Thank you for giving me a laugh on this dreary Monday morning! All the cats we’ve ever had have been obsessed with bringing live mice, birds and bats into the house (thankfully no rats yet, though) – and while the birds can usually be chivvied out of a window and the bats caught reasonably easily, the mice inevitably get behind the furniture, under bookcases, even inside the piano. (A bit of loud Beethoven usually flushes them out!) And the cats, of course, sit back with a languid yawn while we try to catch the poor things. Why do cats do this? Are they bringing us presents? Or trying to hint that we might do a bit of hunting too?

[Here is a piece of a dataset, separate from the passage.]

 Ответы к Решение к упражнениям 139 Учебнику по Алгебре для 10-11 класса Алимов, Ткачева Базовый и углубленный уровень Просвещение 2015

My sympathies. The last time my cat did this – and it was a big rat – I was up all night with it. At first light I borrowed next door’s terrier. She caught and dispatched it in seconds.

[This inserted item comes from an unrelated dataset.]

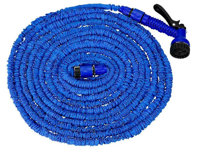 Шланг поливочный удлиняющийся с распылителем 7,5-37 метр, синий

Ahab eh? funny enough we’re having an explosion of mice at the moment – not so much Moby Dick, more like piranha! Cheers for the book recommendation, I’ll try and source a copy.
John
Hi Jane – it sounds like I was lucky – we’ve never had a bat in the house and mice in the piano sounds like nightmare! And yes, the cat seemed to think that she’d done her job and the rest was up to me. We had a previous cat that used to leave dead mice on my wife’s pillow as a little present, so it could have been worse.